Work to be completed:
Repeat every record exactly, but omit the images.

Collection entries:
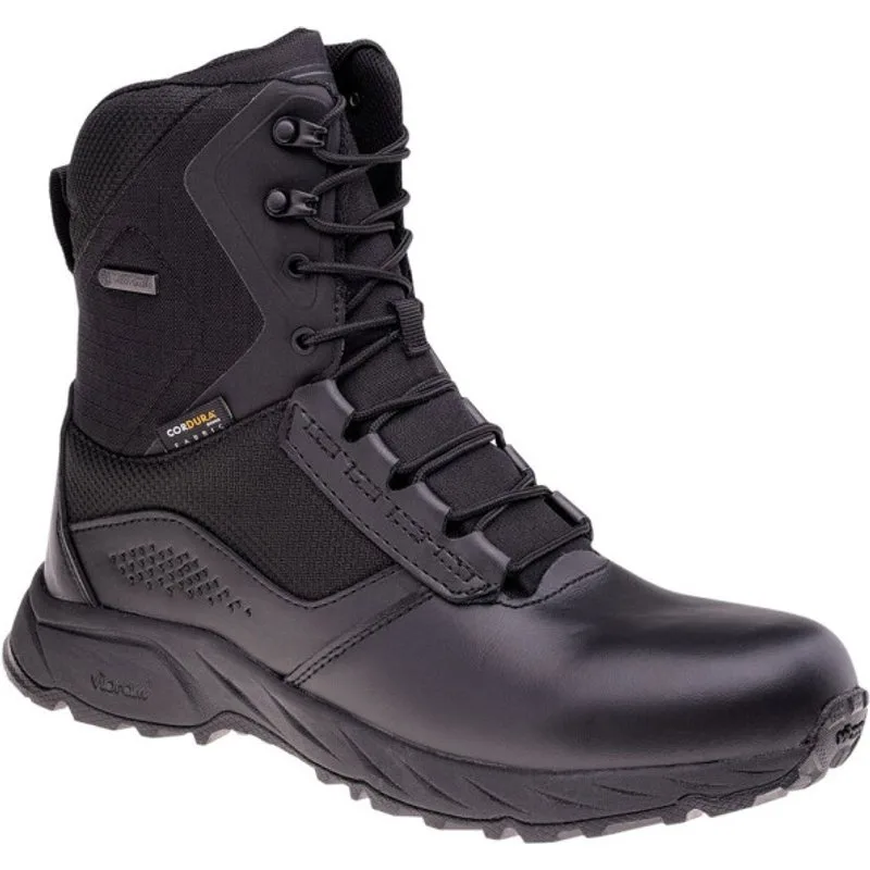 Bovenstuk: Cordura, volnerf Action leer, textiel. Voering: Gaas. Binnenzool: Hi-Poly, Mesh, PU-schuim. Buitenzool: MD, Rubber. 7 Ogen. Stof Technologie: Vibram Arctic Grip, Waterdicht. Treklipje. Platte Hak. Snit: Enkelhoog. Ontwerp: Logo, Tekst, Structuur. Teenstijl: Rond. Sluiting: Vetersluiting.
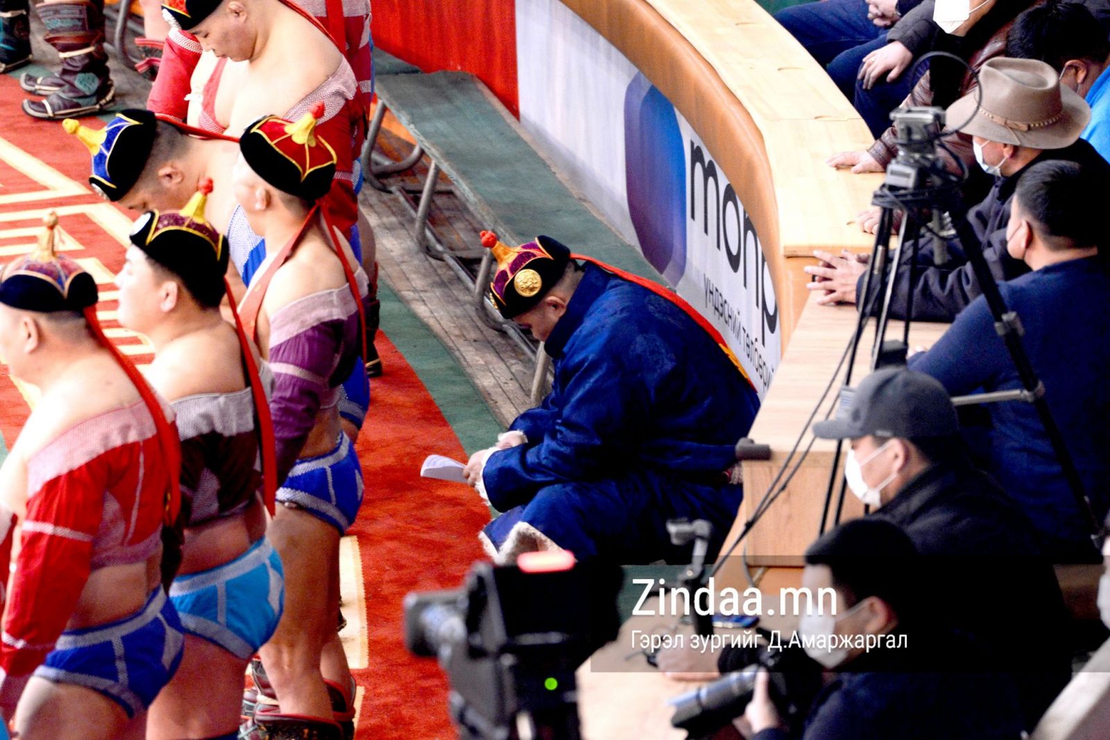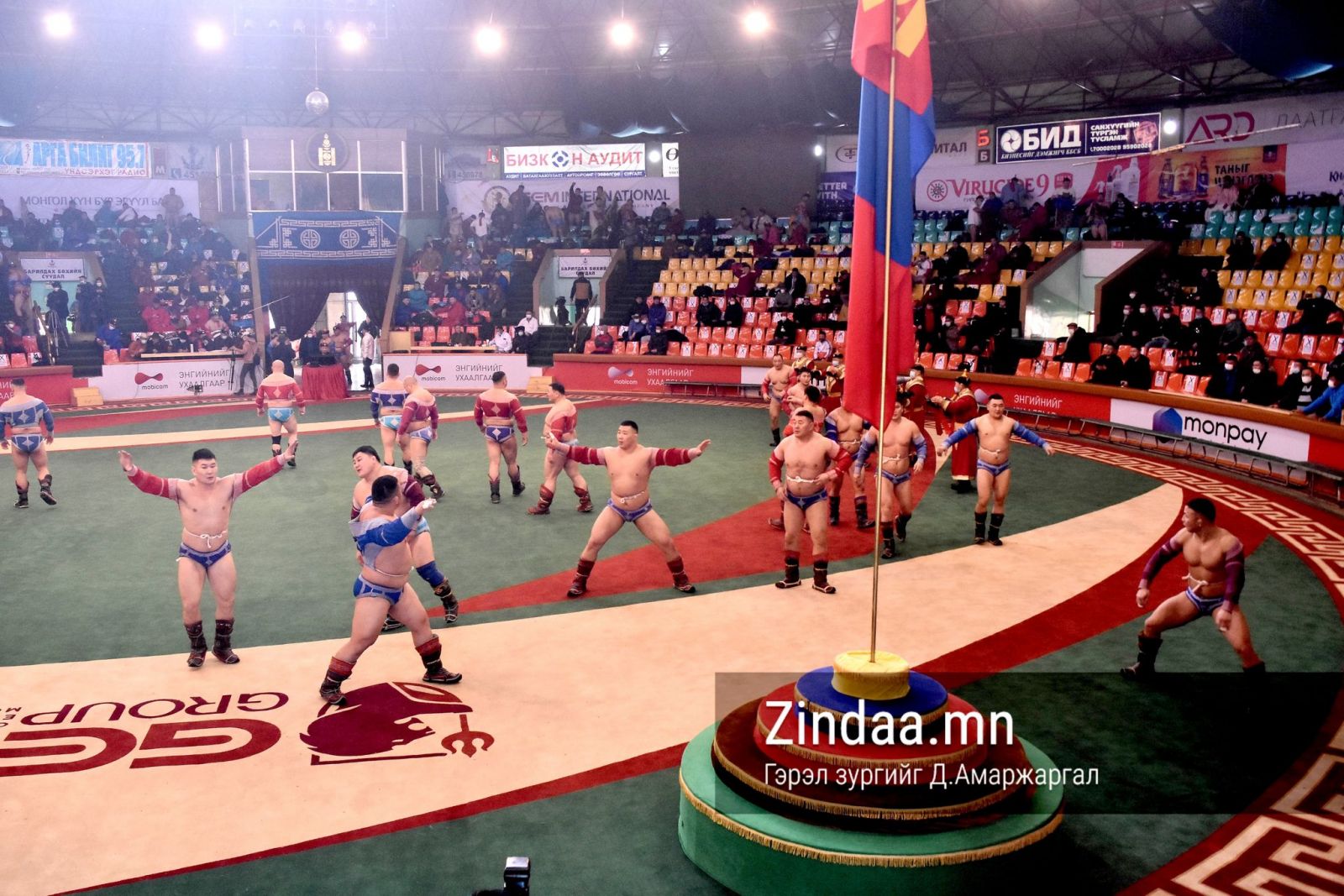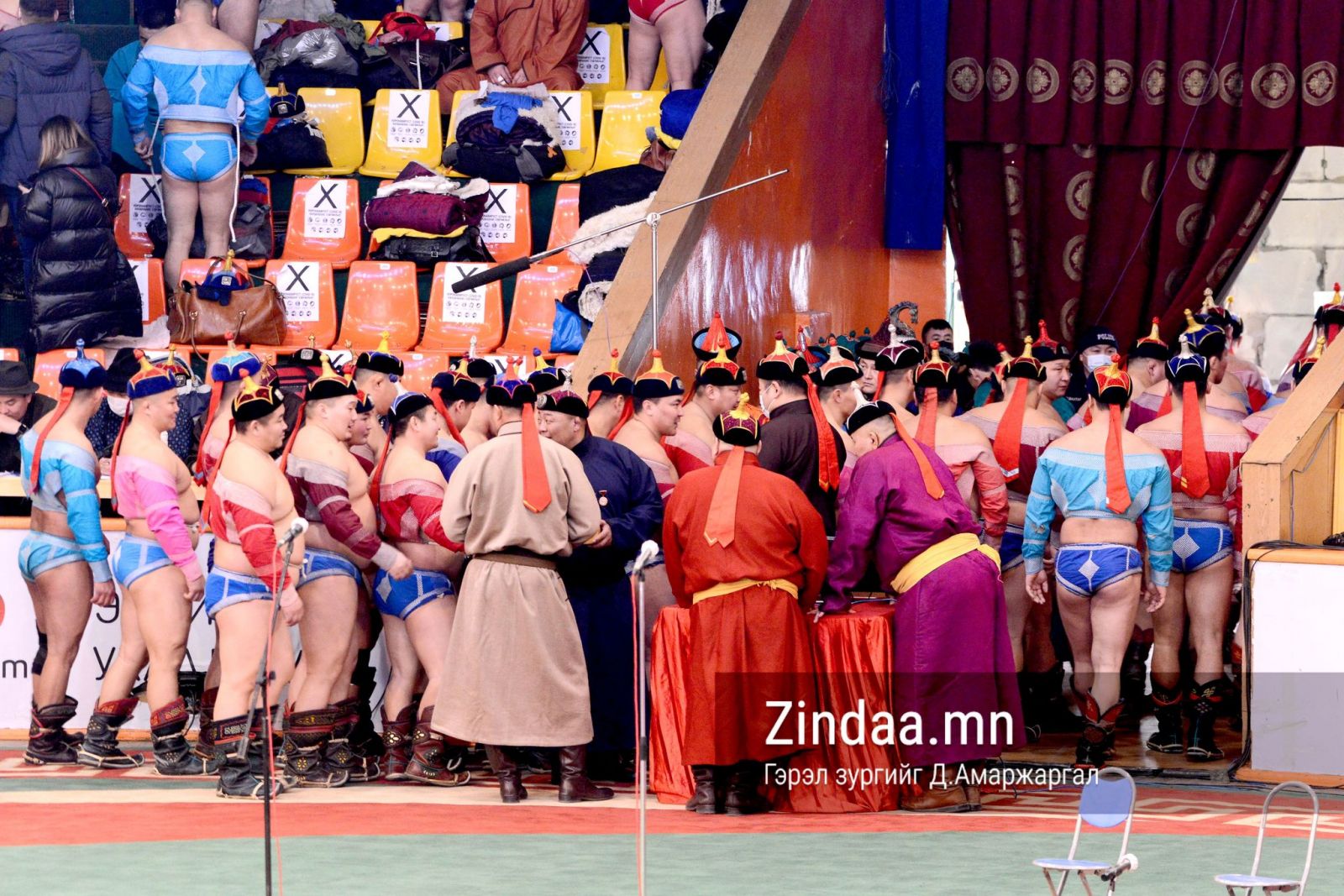 Өнөөдөр нэг, хоёрын даваа үргэлжлэх бол маргааш 14:00 цагаас гурвын даваа эхэлнэ. Барилдаанд улсын аварга П.Бүрэнтөгс, улсын арслан Ц.Содномдорж, Улсын гарьд Б.Гончигдамба, М.Бадарч нарын хүчит 256 бөх зодоглож байна.
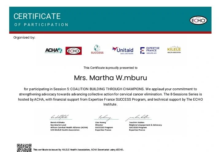 Martha Wanjiru, Nurse educator and ToT in breast and cervical cancer screening and treatment of precancerous lesions screening, cervical advocate and champion Kiambu County, Kenya, shared a post on LinkedIn:
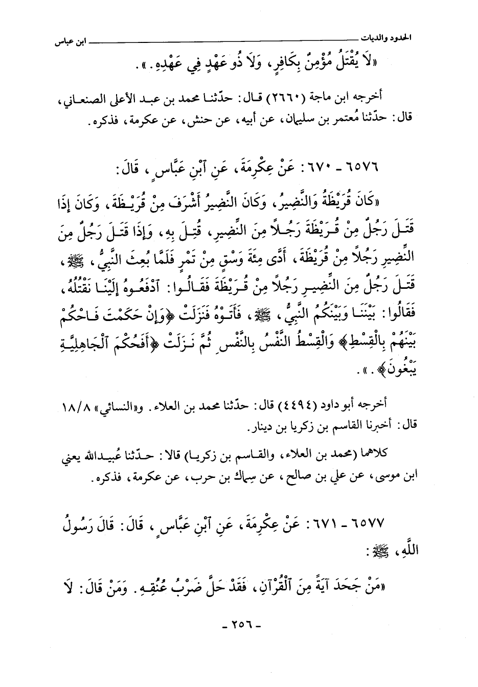 أخرجه أحمد ١/ ٣٦٣ (٣٤٣٤) قال: حدثنا محمد بن سلمة، عن ابن إسحاق، عن داود بن حصين. و"أبو داود" ٣٥١٩ قال: حدثنا عبد الله بن محمد النفيلي، حدثنا محمد بن سلمة، عن محمد بن إسحاق، عن داود بن الحصين. وفي (٤٤٩٤) قال: حدثنا محمد بن العلاء، حدثنا عبيد الله، يعني ابن موسى، عن علي بن صالح، عن سماك بن حرب. و"النَّسَائي" ٨/ ١٨، وفي "الكبرى" ٦٩٠٨ قال أخبرنا القاسم بن زكريا بن دينار. قال: حدثنا غبيد الله بن موسى. قال أنبأنا علي، وهو ابن صالح، عن سماك. وفي ٨/ ١٩، وفي "الكبرى" ٦٩٠٩ قال أخبرنا عبيد الله بن سعد. قال حدثنا عمي. قال: حدثنا أبي، عن ابن إسحاق، أخبني داود ابن الحصين.
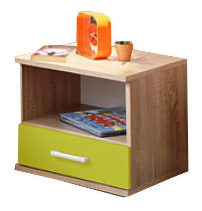 Jednoduchý noční stolek Emio vhodný do dětských a studentských pokojů. Má otevřenou poličku na odkládání věcí a menší zásuvku. Barevné provedení stolku je dub sonoma a zelená.
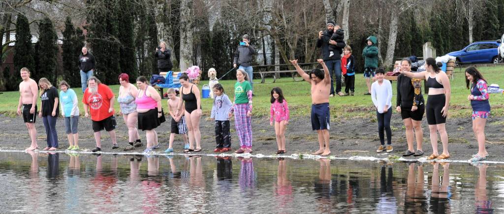 Seventeen brave souls line up on the shores of Lake Pleasant on New Year’s morning, waiting for Carin Hirsch’s ringing of the bell, indicating the start of the annual plunge. Another photo page 3. Photo by Lonnie Archibald
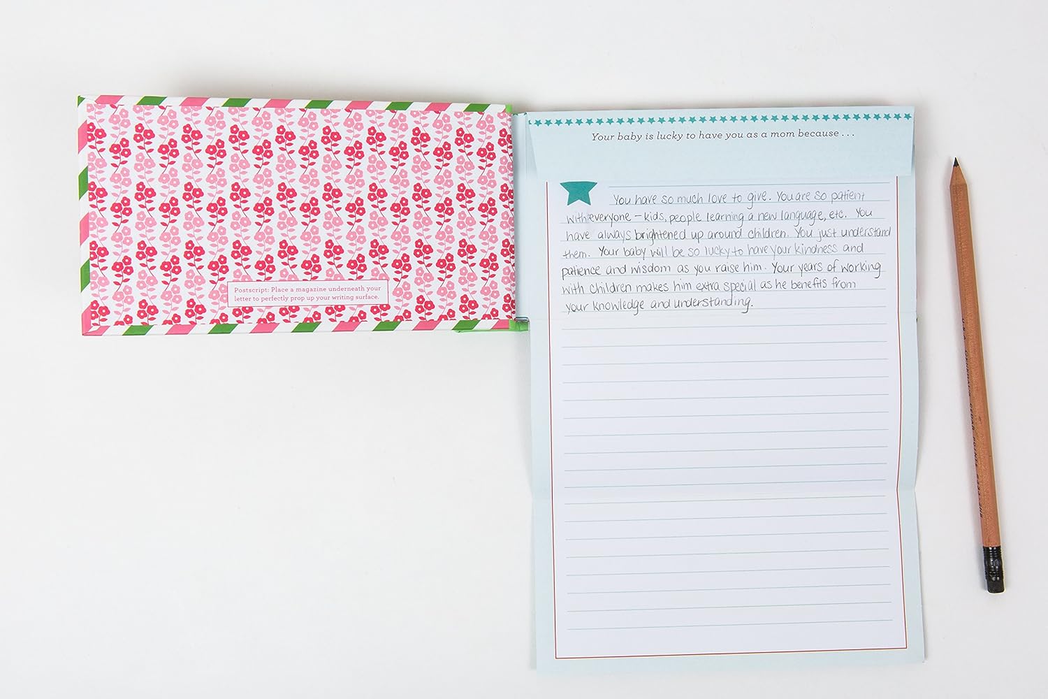 Write Now. Read Later. Treasure Forever.Letters to the New Mom will inspire you to celebrate her with advice, encouragement, and good cheer. Sign the letters, seal them with the enclosed stickers, and off the completed book to the new mom. She'll treasure your words well after her baby is all grown up!Each letter is printed with a unique prompt like: I wish for you and your family...Remember, you can always count on me for...My brightest hope for your baby it...Included are 12 letters that will inspire a lifetime of love, advice, and support from the new mom's trusted loved ones. She will be an amazing mother and this time capsule will keep reminding her of it! Fill out Letters to the New Mom yourself or invite 12 people to write one letter each. It's a great baby shower activity and gift!Each letter has a space to write when it was sealed and when it should be opened (will it be tomorrow or in 20 years?). Seal letters with the included stickers before giving this time capsule to the amazing new mom!

Answer space:
 Bovenstuk: Cordura, volnerf Action leer, textiel. Voering: Gaas. Binnenzool: Hi-Poly, Mesh, PU-schuim. Buitenzool: MD, Rubber. 7 Ogen. Stof Technologie: Vibram Arctic Grip, Waterdicht. Treklipje. Platte Hak. Snit: Enkelhoog. Ontwerp: Logo, Tekst, Structuur. Teenstijl: Rond. Sluiting: Vetersluiting.
 Өнөөдөр нэг, хоёрын даваа үргэлжлэх бол маргааш 14:00 цагаас гурвын даваа эхэлнэ. Барилдаанд улсын аварга П.Бүрэнтөгс, улсын арслан Ц.Содномдорж, Улсын гарьд Б.Гончигдамба, М.Бадарч нарын хүчит 256 бөх зодоглож байна.
 Martha Wanjiru, Nurse educator and ToT in breast and cervical cancer screening and treatment of precancerous lesions screening, cervical advocate and champion Kiambu County, Kenya, shared a post on LinkedIn:
 أخرجه أحمد ١/ ٣٦٣ (٣٤٣٤) قال: حدثنا محمد بن سلمة، عن ابن إسحاق، عن داود بن حصين. و"أبو داود" ٣٥١٩ قال: حدثنا عبد الله بن محمد النفيلي، حدثنا محمد بن سلمة، عن محمد بن إسحاق، عن داود بن الحصين. وفي (٤٤٩٤) قال: حدثنا محمد بن العلاء، حدثنا عبيد الله، يعني ابن موسى، عن علي بن صالح، عن سماك بن حرب. و"النَّسَائي" ٨/ ١٨، وفي "الكبرى" ٦٩٠٨ قال أخبرنا القاسم بن زكريا بن دينار. قال: حدثنا غبيد الله بن موسى. قال أنبأنا علي، وهو ابن صالح، عن سماك. وفي ٨/ ١٩، وفي "الكبرى" ٦٩٠٩ قال أخبرنا عبيد الله بن سعد. قال حدثنا عمي. قال: حدثنا أبي، عن ابن إسحاق، أخبني داود ابن الحصين.
 Jednoduchý noční stolek Emio vhodný do dětských a studentských pokojů. Má otevřenou poličku na odkládání věcí a menší zásuvku. Barevné provedení stolku je dub sonoma a zelená.
 Seventeen brave souls line up on the shores of Lake Pleasant on New Year’s morning, waiting for Carin Hirsch’s ringing of the bell, indicating the start of the annual plunge. Another photo page 3. Photo by Lonnie Archibald
 Write Now. Read Later. Treasure Forever.Letters to the New Mom will inspire you to celebrate her with advice, encouragement, and good cheer. Sign the letters, seal them with the enclosed stickers, and off the completed book to the new mom. She'll treasure your words well after her baby is all grown up!Each letter is printed with a unique prompt like: I wish for you and your family...Remember, you can always count on me for...My brightest hope for your baby it...Included are 12 letters that will inspire a lifetime of love, advice, and support from the new mom's trusted loved ones. She will be an amazing mother and this time capsule will keep reminding her of it! Fill out Letters to the New Mom yourself or invite 12 people to write one letter each. It's a great baby shower activity and gift!Each letter has a space to write when it was sealed and when it should be opened (will it be tomorrow or in 20 years?). Seal letters with the included stickers before giving this time capsule to the amazing new mom!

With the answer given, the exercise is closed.